Auch die Geografie und Topografie der Region kommen den arabischen Muslimen zugute, die eine hoch entwickelte Kultur vertreten und in deren Zivilisation sich moderne Städte mit antiken Zentren vermischen. Ölvorkommen haben – ebenso wie die Infrastruktur, der moderne Fortschritt und der Tourismus – den meisten arabischen Muslimen schlagartig allgemeinen Wohlstand gebracht.

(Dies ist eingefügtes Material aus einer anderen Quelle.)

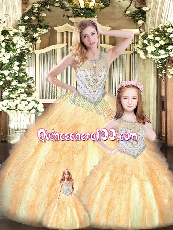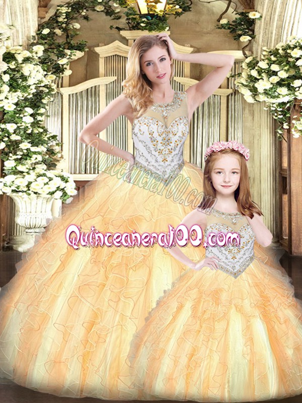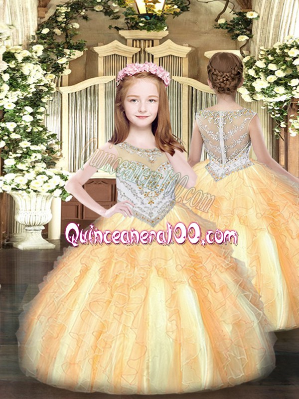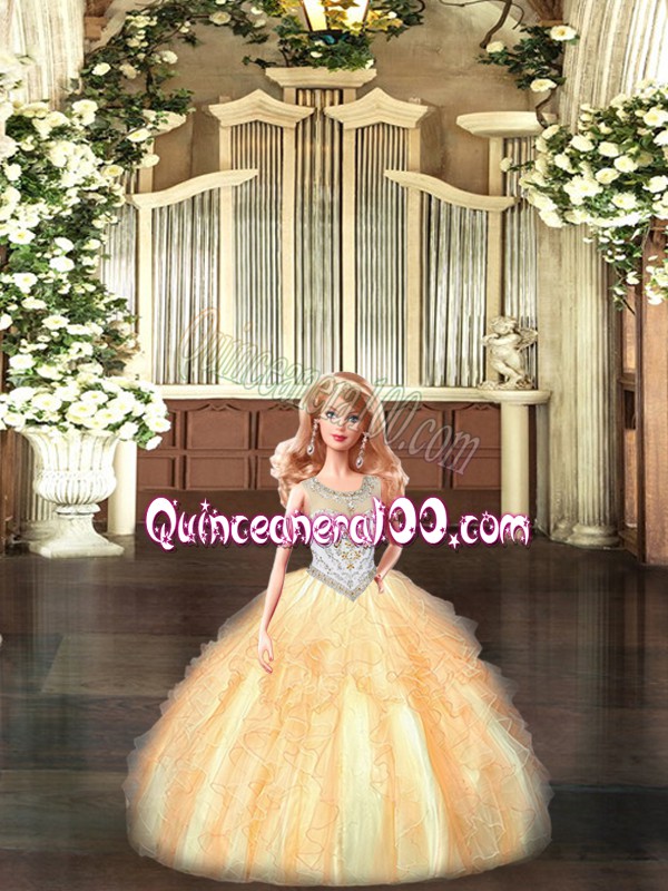 Neckline : ScoopShown Color : OrangeSilhouette : Ball GownsSleeve Length : sleevelessHemline : floor lengthBack Detail : Lace upFabric : TulleEmbellishment : Beading,RufflesOccasion : Military Ball,Sweet 16,QuinceaneraSeason : Spring,Summer,Fall,Winter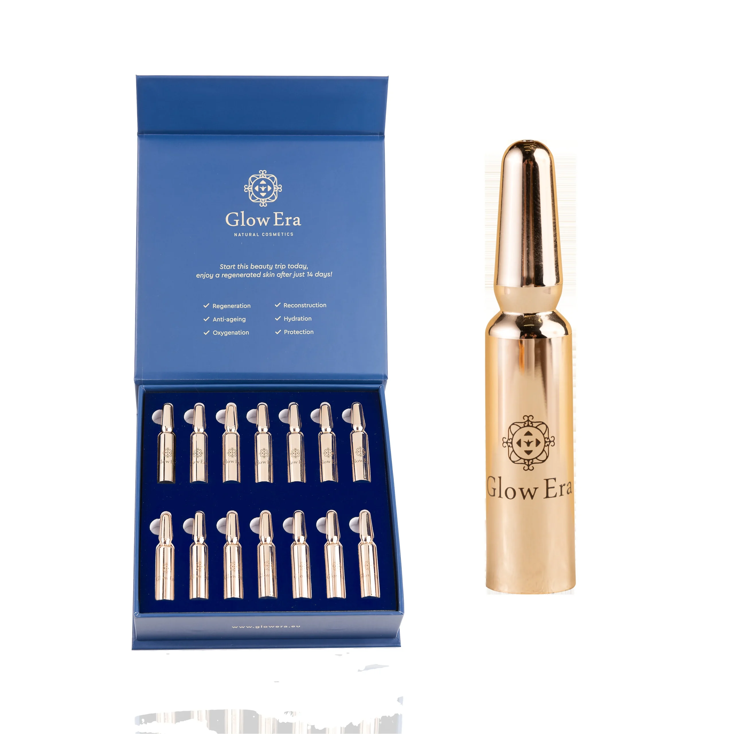 Ξεκινήστε σήμερα ένα αναζωογονητικό ταξίδι ομορφιάς με τις αμπούλες αντιγήρανσης προσώπου. Απολαύστε την πιο λαμπερή και σφριγηλή επιδερμίδα σας σε μόλις 14 ημέρες!»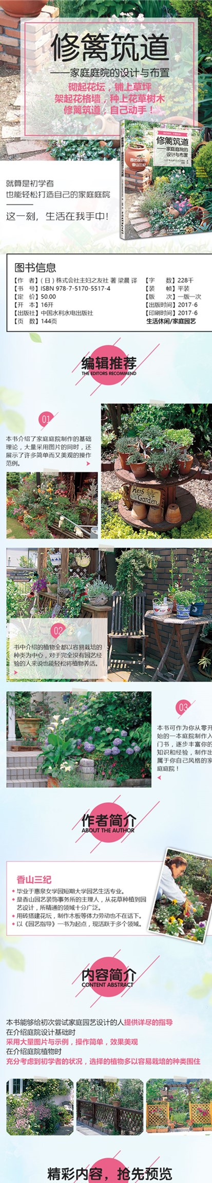 3、 将本书作为你从零开始的*本庭院制作入门书吧!逐步丰富你的知识和经验,制作出属于你自己风格的家庭庭院!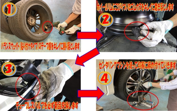 新しいタイヤを組み上げ、ホイールバランスをとったら

Urban Legend #4: Marketing für Araber ist Marketing für eine alternde Gesellschaft der Vorväter und ihrer aktuellen Erben. Das ist ein großer Irrtum. Arabische Muslime eines neuen Typs werden als Verbraucher immer wichtiger. Die arabischen Millennials der digitalen Generation sind junge Konsumenten, die die Zukunft der arabischen und muslimischen Verbraucherwelt darstellen. Aktuell sind mehr als die Hälfte der Einwohner in arabischen Ländern unter 25; diese Gruppe macht über elf Prozent der Weltbevölkerung aus.
Interessanterweise wachsen diese Millennials in eine Welt hinein, die sich sehr von dem Umfeld unterscheidet, das für ihre unmittelbaren Angehörigen prägend war. Die Überzeugungen, Sorgen, Erwartungen und Sehnsüchte der jungen Generation werden geformt durch Lebenserfahrungen, zu denen nicht nur der Arabische Frühling gehört, sondern auch die breite weltweite Anerkennung, die dem schnellen Fortschritt in der arabischen Region gezollt wird. In den meisten Industrieländern zog sich derartiger Fortschritt über mehrere Jahrzehnte hin.

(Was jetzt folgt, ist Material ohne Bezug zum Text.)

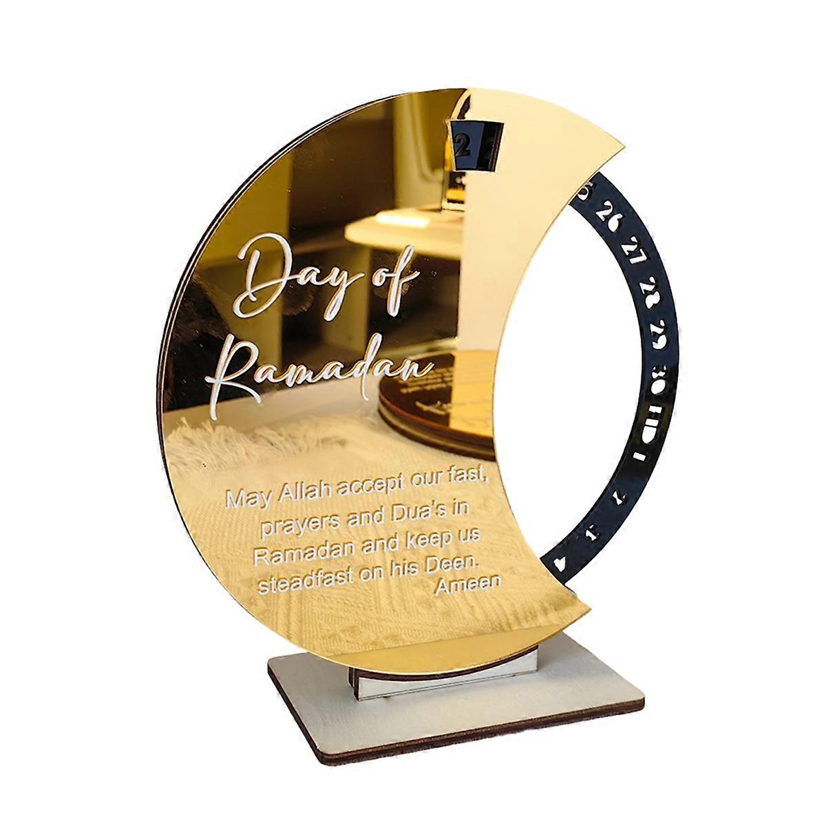 Mubarak Acrylic Moon Ornament Ramadan Table Decoration Gold+Black
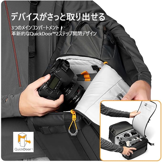 バッグ下部は、バッグを下ろさずにカメラ機材にアクセスすることが可能なQuick Doorシステムを採用。このシステムにより、急なシャッターチャンスにも素早くカメラにアクセスすることが可能です。バッグを下ろして大きく開閉することもできます。また、カメラ収納部は、機材をしっかり保護しながら、収納スペースを有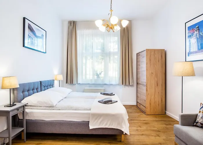 Apartmán Apartament Na Groblach o rozloze 60 m^2 se nachází ve čtvrti Stare Miasto 10 minut chůze od Sukiennice a pojme až 4 hostů. Ubytování se skládá z 2 ložnic a kuchyně.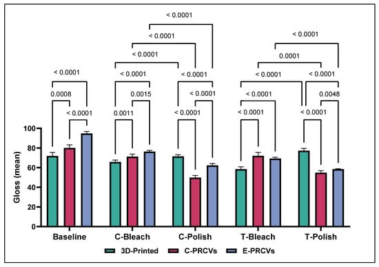 Comparison of the means of surface gloss (GUs) after bleaching and surface repolishing of stained 3D-printed veneers, C-PRCVs, and E-PRCVs.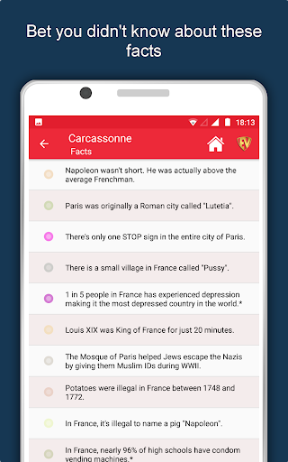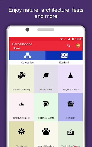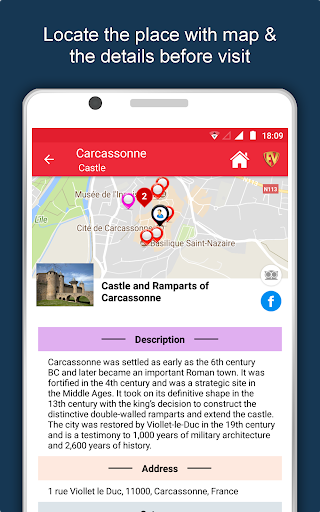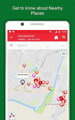 คุณสมบัติและรูปภาพทั้งหมดในคู่มือ Carcassonne City มีให้บริการแบบออฟทริน แอปท่องเที่ยว Carcassonne นี้มีไว้สำหรับ Globetrotters ที่ไปโดยอ้าง "การเดินทางทั้งหมดมีจุดหมายปลายทางที่เป็นความลับที่นักเดินทางไม่ทราบ" ด้วยไกด์นำเที่ยว Carcassonne เปิดตัวสถานที่ที่คลุมเครือเชื่อมต่อกับคนมากมายเข้าใจวัฒนธรรมศิลปะและประวัติศาสตร์พูดคุยกับชาวพื้นเมืองในภาษาของพวกเขาเพลิดเพลินกับอาหารที่แท้จริงและมีความสุขในงานเฉลิมฉลอง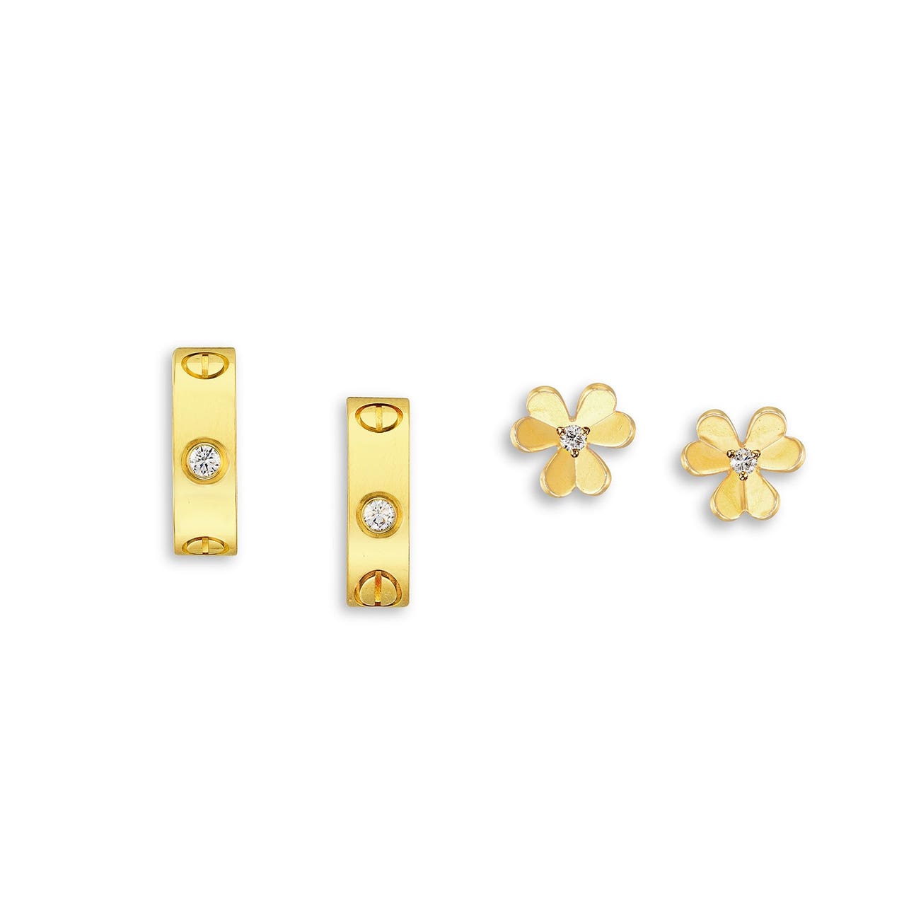 A Pair of Diamond and Gold 'Frivole' Earrings, Van Cleef & Arpels, and A Pair of Diamond and Gold 'Love' Earrings, Cartier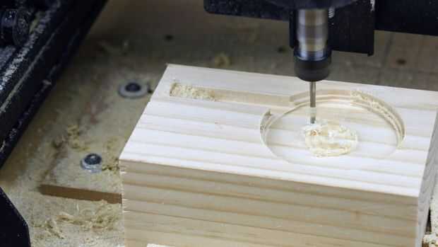 Presione tallar en easel.com y dejar que la máquina de cnc X-tallar su magia y tallar el soporte del cono y el teléfono.

Zwar bleiben zentrale religiöse Werte und Neigungen über die Grenzen von Generationen und geoökonomischen Zusammenschlüssen hinweg unverändert – dennoch ergeben sich aus der gegenwärtigen Stimmungslage der Millennials völlig neue Herausforderungen und Chancen für Vermarkter, die ein durch Offenheit und digitale Vernetzung gekennzeichnetes Verbrauchersegment erreichen wollen.

Urban Legend #5: Geschäfte sind im Nahen Osten strikt auf das Geschäftliche beschränkt. Geschäftskontakte und persönliche Freundschaften sind in dieser stark von Beziehungen geprägten Region ein und dasselbe. Araber ziehen es generell vor, Geschäfte mit ihnen bekannten Menschen zu machen, die sie mögen und die ihr Vertrauen genießen. Eine beschleunigte Kontaktanbahnung zur schnellen Aufnahme von Geschäftsgesprächen könnte Sie daher in Verlegenheit bringen. Small Talk ist mehr als nur reine Höflichkeit – man findet damit heraus, ob Sie ein passender Geschäftspartner sein würden.
Sie sollten sich Zeit nehmen, um ungekünstelt und interessiert ins Gespräch zu kommen. Aufrichtige Fragen zu Familienmitgliedern und ihrem Wohlergehen kommen gut an. Auch schadet es nicht, ein paar Geschichten in petto zu haben, um das Eis zu brechen. Geschäftsbesprechungen nehmen damit auf jeden Fall einen guten Anfang.
Das waren nur fünf der 1.001 Geschichten, die wir – ein Team mit über 14 Nationalitäten in unserer Dubaier Niederlassung – Ihnen bei unserem nächsten Zusammentreffen gern ausführlich erzählen. Wie wäre es … vielleicht bei einer Kanne voll arabischem Kaffee und ein paar Datteln?

* Der Begriff des Nahen Ostens bezeichnet (ähnlich wie Middle East aus dem englischen Sprachgebrauch) keine scharf abgegrenzte geografische Region; je nach Kontext werden unterschiedliche Länder dazugezählt. Bei Serviceplan Middle East beschäftigen wir uns mit den folgenden Märkten: Bahrain, Saudi-Arabien, Kuwait, Vereinigte Arabische Emirate, Oman, Palästina, Katar, Jordanien, Syrien, Libanon, Irak, Jemen.